RF average rmse_scores: 313.09799883402644, rmse_scores: [213.39864626 258.85504269 581.40359519 574.01418487 314.94635758
 154.41631554 196.5630953  264.79658547 493.89245269 298.34507594
 232.93599578 194.03355357 292.31163995 342.37758341 284.17985827]


### 3. 파라미터 튜닝

In [7]:
# 3. test get_best_param function

# linear regression model object
def linear_object(trial:Trial, data, target):
    params = {
        'fit_intercept': trial.suggest_categorical('fit_intercept', [True, False])
    }
    
    test_model = LinearRegression(**params)
    test_model_score = execute_modeling(('LR', test_model), data, target)

    return test_model_score

# xgbr regression model object
def xgbr_object(trial:Trial, data, target):
    params = {
        "n_estimators" : trial.suggest_int('n_estimators', 500, 1000),
        'max_depth':trial.suggest_int('max_depth', 8, 16),
        'min_child_weight':trial.suggest_int('min_child_weight', 1, 100),
        'gamma':trial.suggest_int('gamma', 1, 3),
        'learning_rate': 0.01,
        'colsample_bytree':trial.suggest_discrete_uniform('colsample_bytree',0.5, 1, 0.1),
        'nthread' : -1,
        'tree_method': 'gpu_hist',
        'predictor': 'gpu_predictor',
        'lambda': trial.suggest_loguniform('lambda', 1e-3, 1.0),
        'alpha': trial.suggest_loguniform('alpha', 1e-3, 1.0),
        'subsample': trial.suggest_categorical('subsample', [0.6,0.7,0.8,1.0] ),
        'random_state': 42
    }
    
    test_model = xgb.XGBRegressor(**params)
    test_model_score = execute_modeling(('XGBR', test_model), data, target)

    return test_model_score

# light gbm regression model object
def lgb_object(trial:Trial, data, target):
    params = {
        "n_estimators" : trial.suggest_int('n_estimators', 500, 1000),
        'max_depth':trial.suggest_int('max_depth', 8, 16),
        'min_child_weight':trial.suggest_int('min_child_weight', 1, 100)
    }
    
    test_model = lgb.LGBMRegressor(**params)
    test_model_score = execute_modeling(('LGBM', test_model), data, target)

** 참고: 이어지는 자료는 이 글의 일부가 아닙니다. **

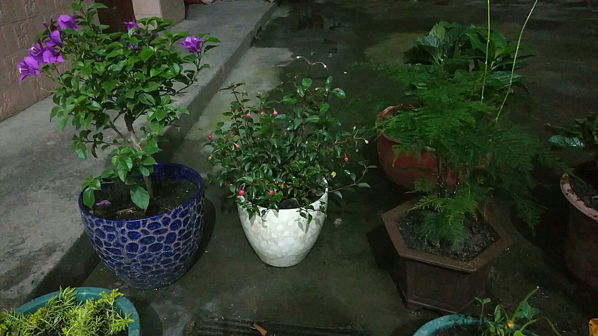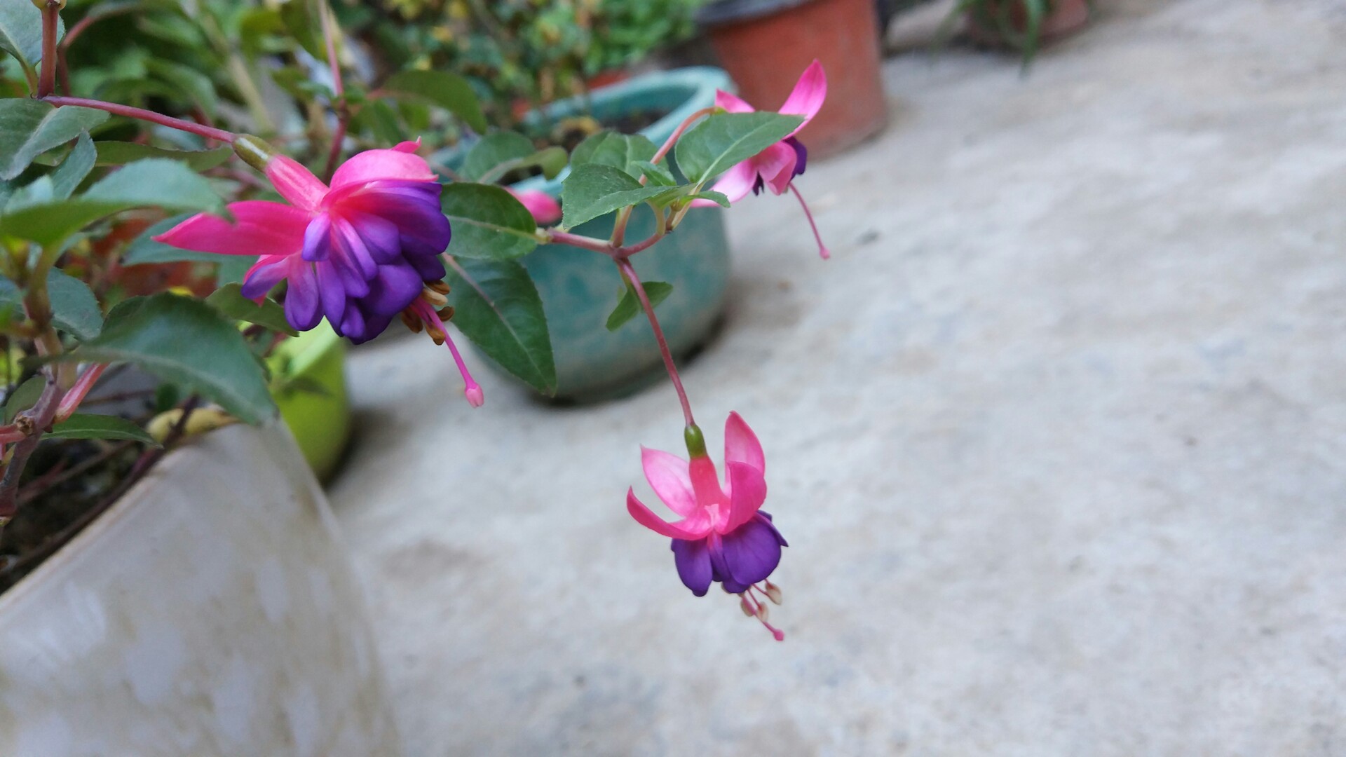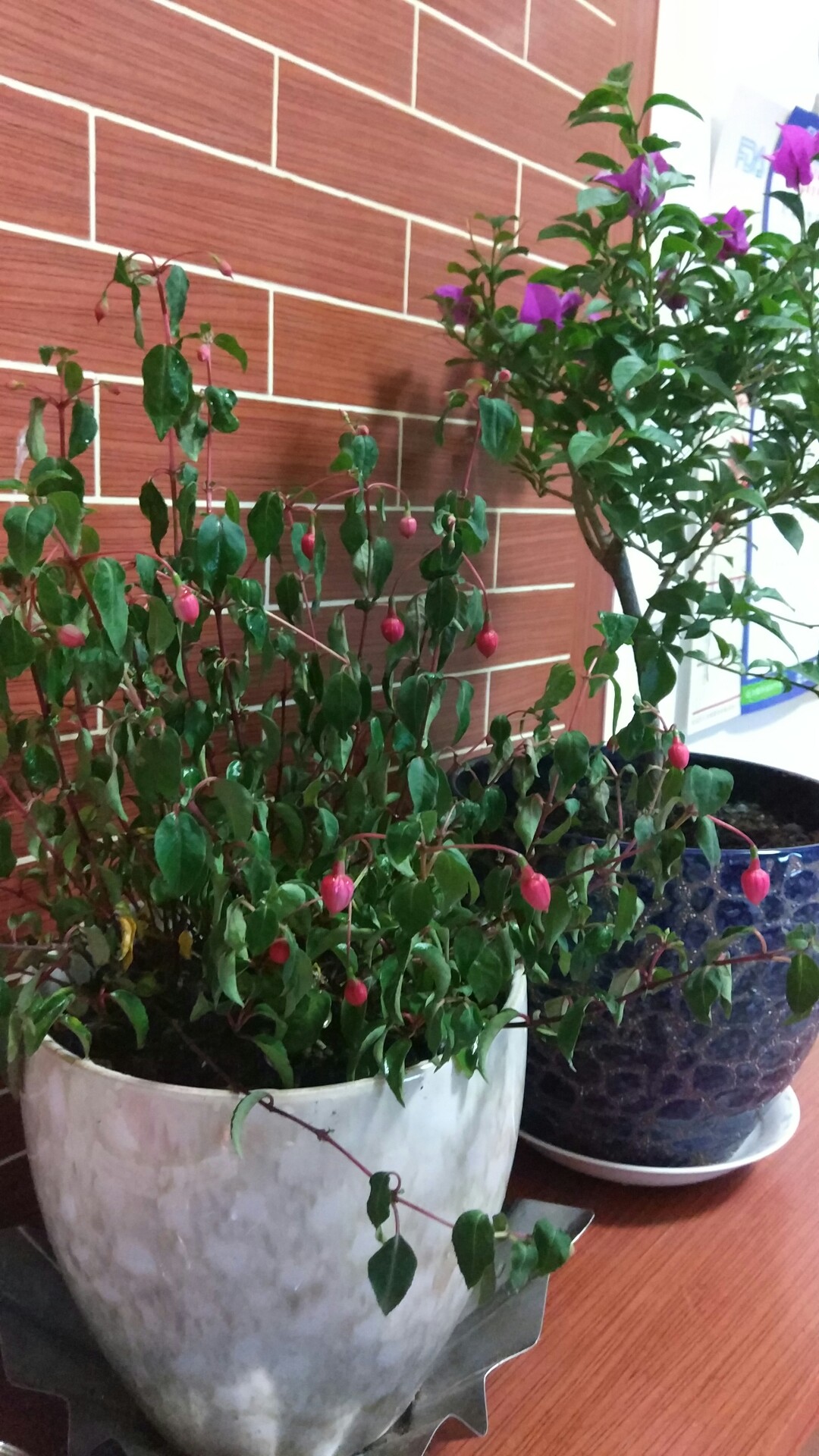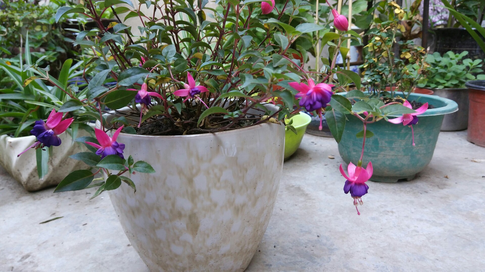 中间的那个就是含苞待放的倒挂金钟。本以为换了大花盆,浇足了水就安枕无忧了。
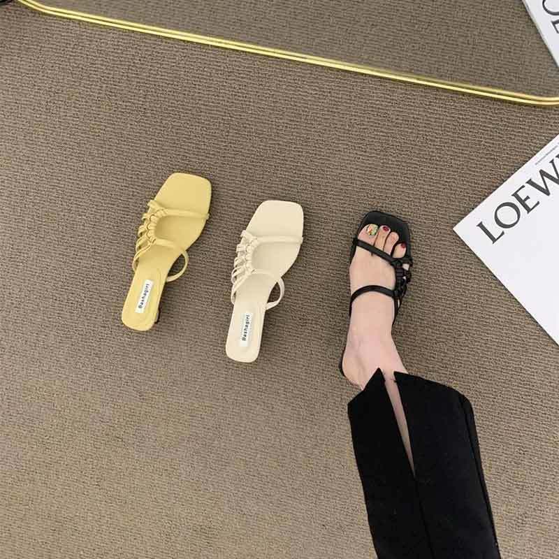 Giới thiệu Jiashucheng Dép Sandal Cao Gót Mũi Vuông Hở Ngón Phong Cách Quyến Rũ
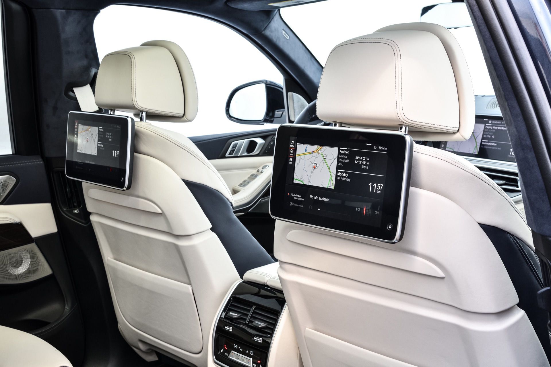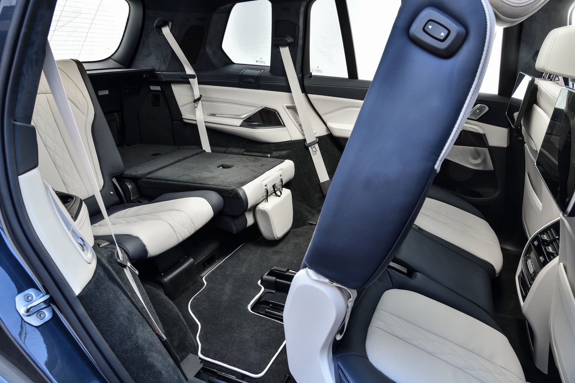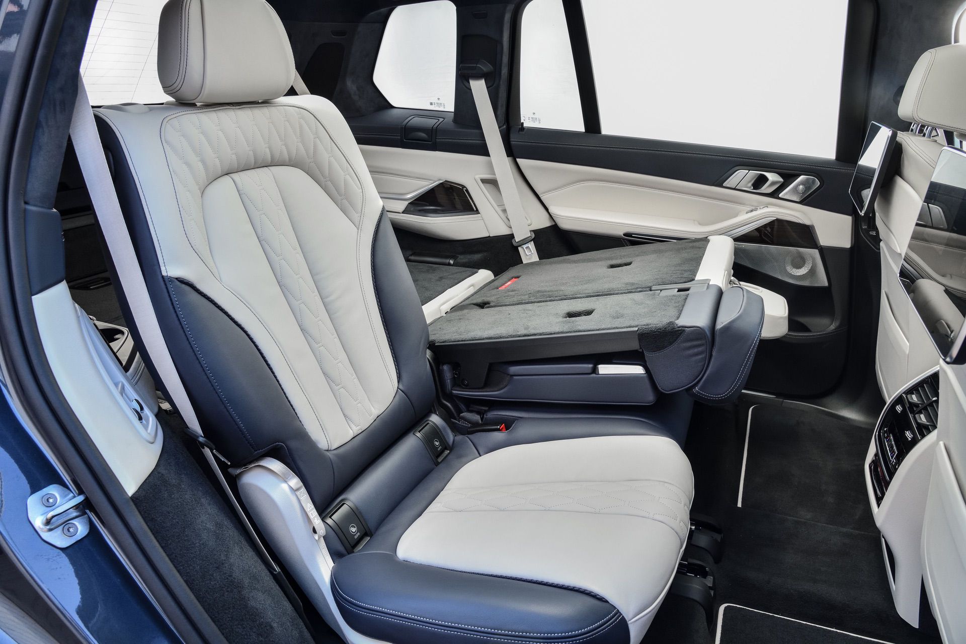 Inside, you’re getting a variation of different upholsteries – SensaTec Black, nine premium Vernasca and Extended Merino Leathers (in the X7 xDrive40i for the US market). The two-tone Ivory White/Navy Blue Full Leather Merino interior, with a Navy Blue leather dashboard and a Navy Blue Alcantara headliner, can be specified for some models. More on that particular combination in our next BMW X7 article.
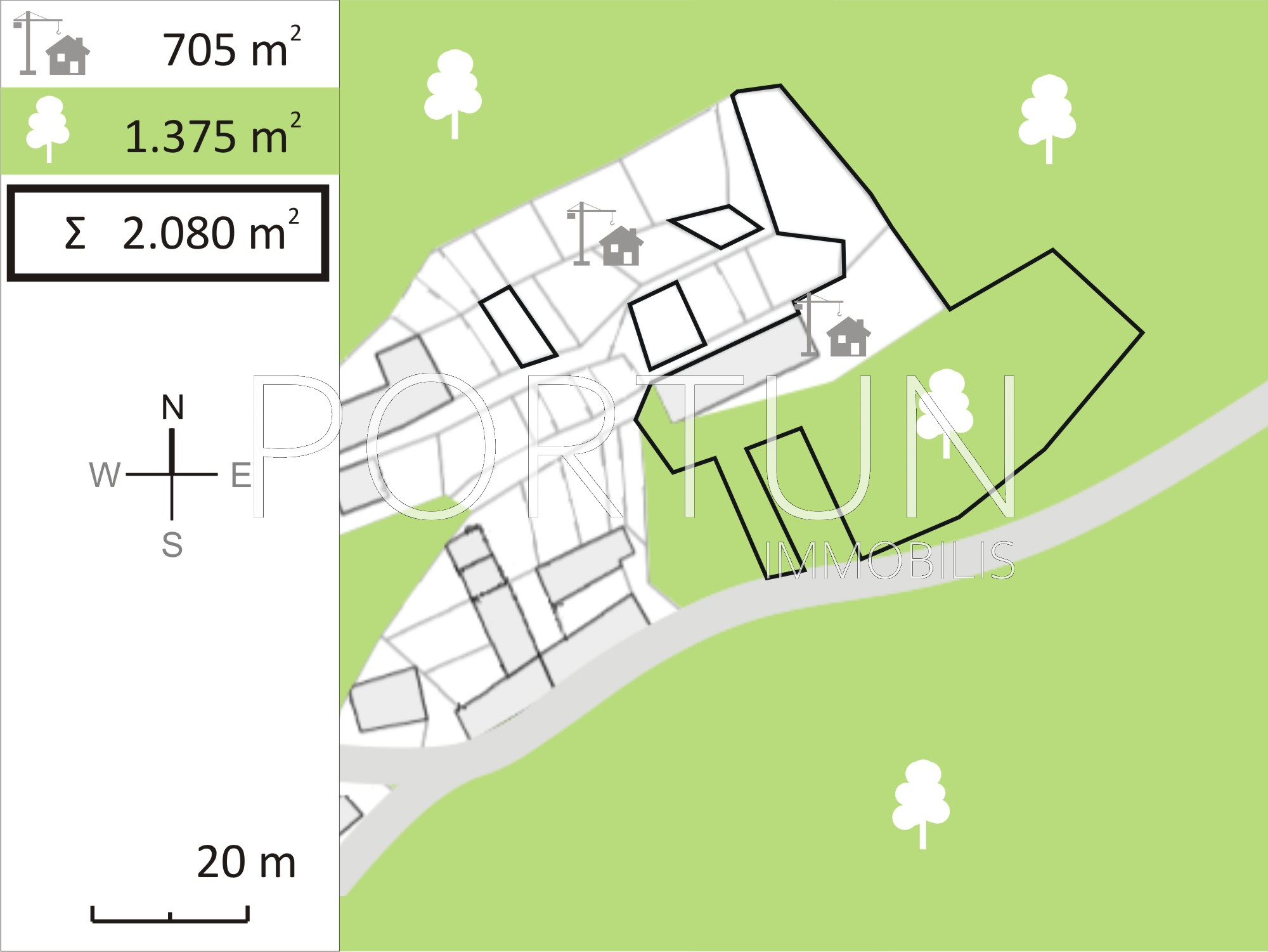 Imanje se sastoji od kuće koja se nalazi na građevinskom zemljištu (cca. 705 m2) te od zemljišta koje se nalazi izvan građevinskog područja (cca 1.375 m2). Kuća je smještena na gornjem, sjevernom dijelu zemljišta a južni dio zemljišta se spušta sve do nedavno asfaltirane prometnice. S obzirom da se kuća nalazi na relativno strmoj padini trajno je zajamčen pogled na okolne brežuljke i Motovun. Vanjske dimenzije kuće su cca 20 x 6 m. Kamena kuća koja vjerojatno datira u drugu polovicu devetnaestog stoljeća je strukturalno obnovljena početkom stoljeća godine, ali adaptacija nije stručno izvedena pa je uslijed jakih kiša popustilo krovište te je kuća danas polusrušena.
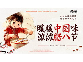 红色中式水彩风“暖暖中国味浓浓腊八节”幼儿园腊八节活动PPT模板
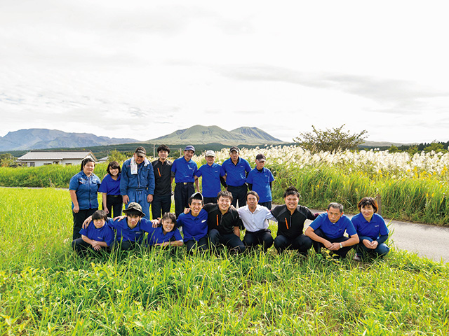 「阿蘇という自然環境に恵まれていることもあり、みなさんがのびのび過ごされています」。副施設長の米川和久さん(写真前列右から四人目)は実感をこめて言う。
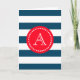 Blue and white striped navy pattern with red circle shape monogram decoration
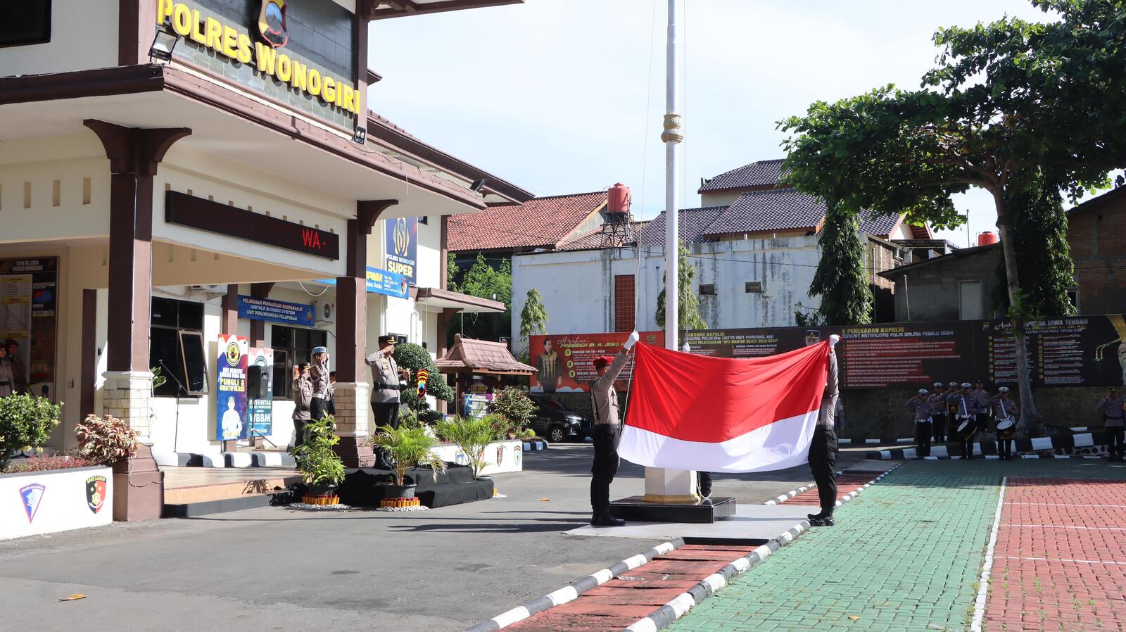 Kapolres Wonogiri, AKBP Andi Muhammad Indra Waspada Amirullah bertindak sebagai Inspektur upacara dan Kanit III Sat Reskrim Polres Wonogiri, Ipda Sigit Purwoko bertindak sebagai komandan upacara.
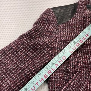 Chic tweed jacket in burgundy. Features black quilted accents. Perfect for stylish occasions.
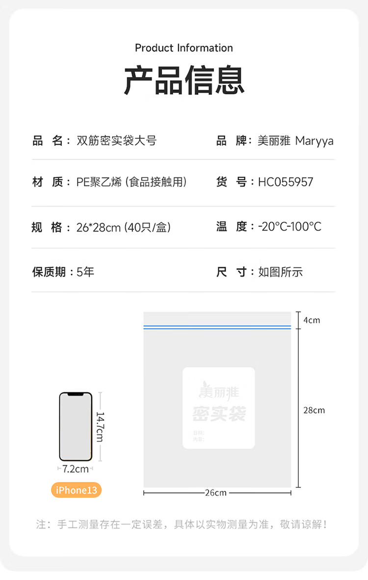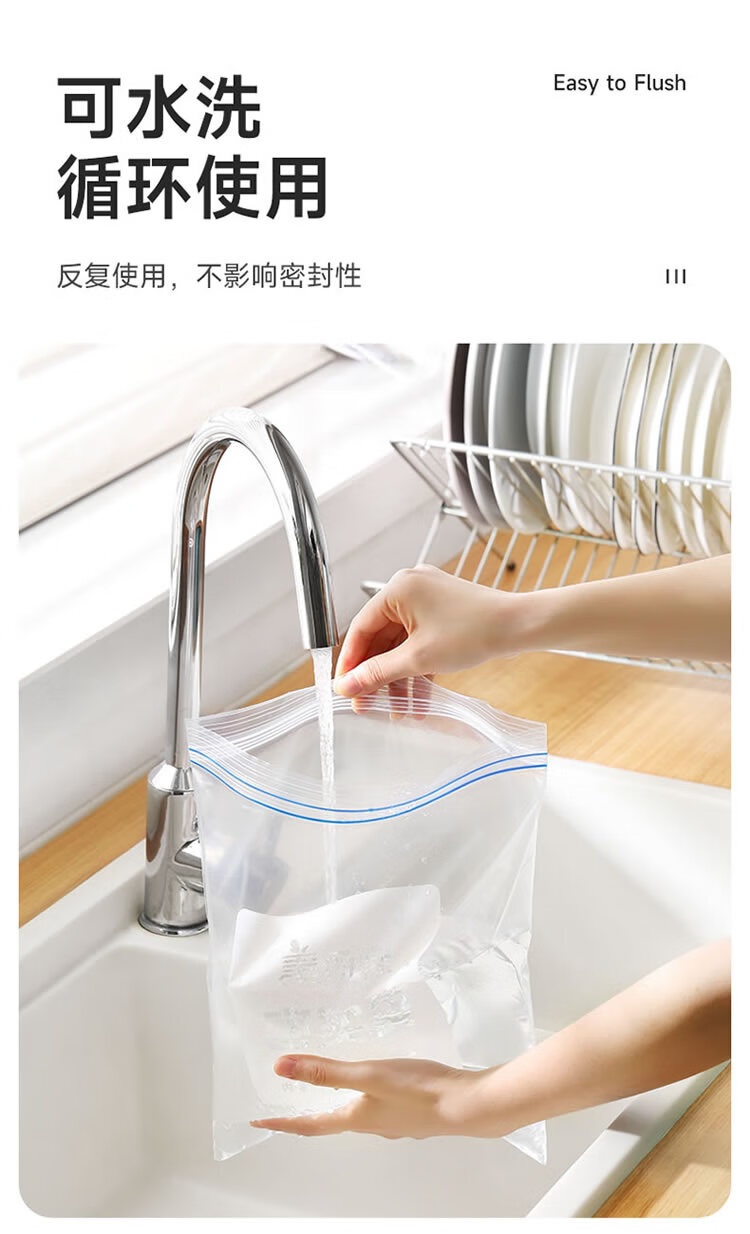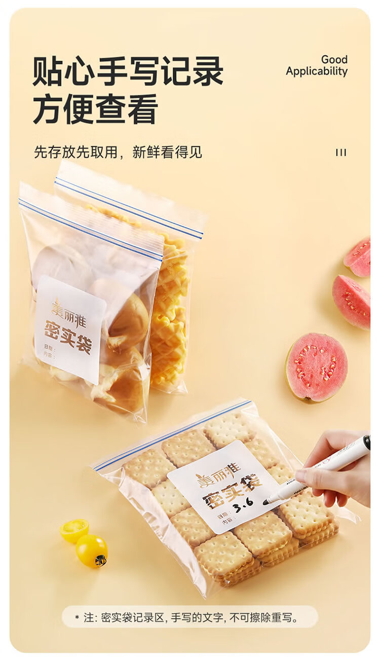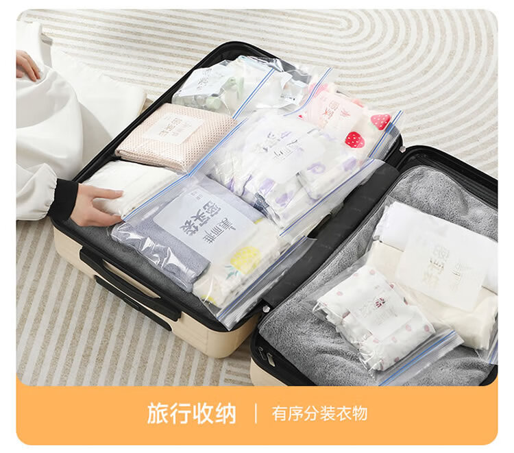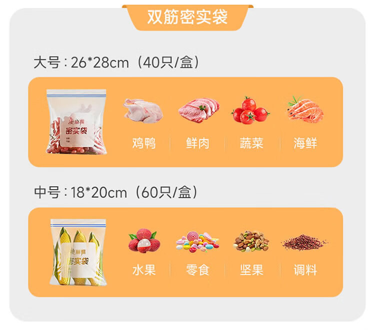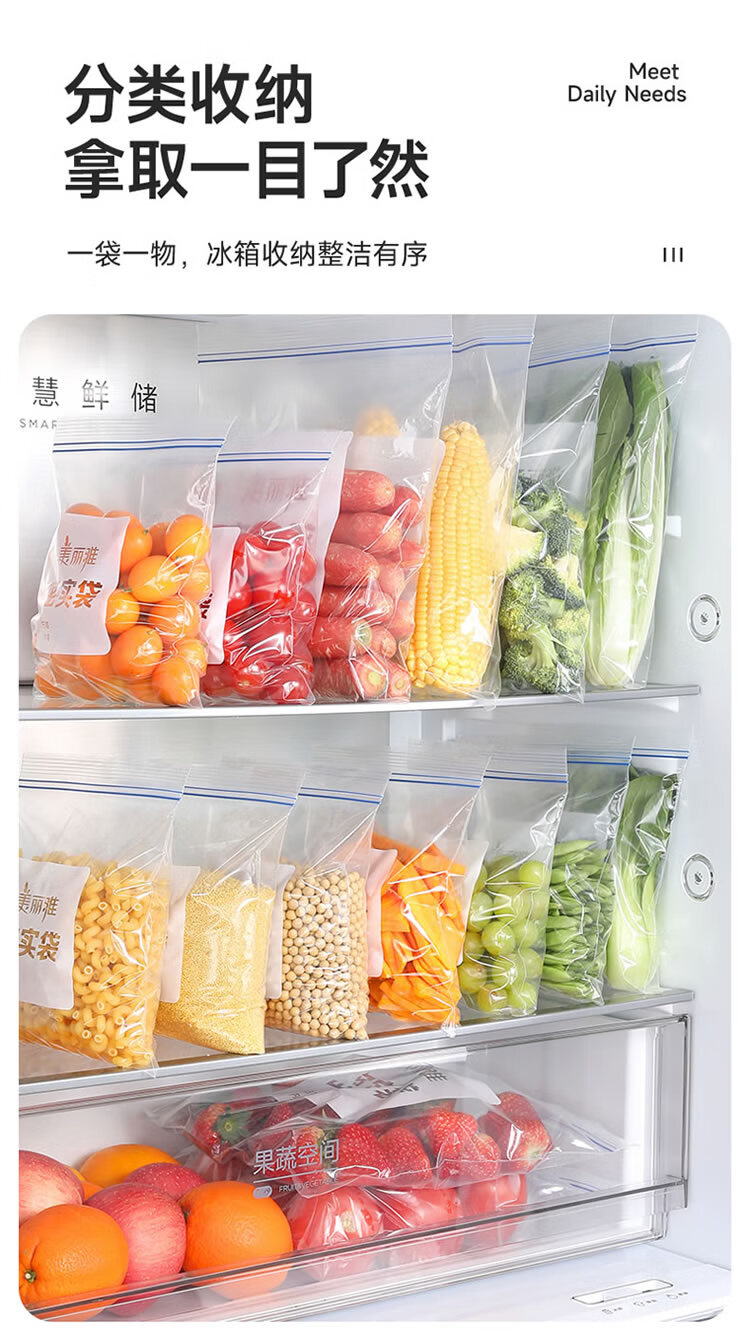 美丽雅密封袋食品级保鲜袋大号40只 加厚冰箱分装收纳密实自封袋

    return test_model_score

# 하이퍼 파라미터 결과 도출
# 위에서 분할한  X_train, y_train, X_test, y_test 파라미터 삽입
study = optuna.create_study(direction='minimize', sampler=TPESampler())
study.optimize(lambda trial: lgb_object(trial, data, target), n_trials=3)

best_score = study.best_value
best_param_dict = study.best_trial.params

print(best_score, best_param_dict)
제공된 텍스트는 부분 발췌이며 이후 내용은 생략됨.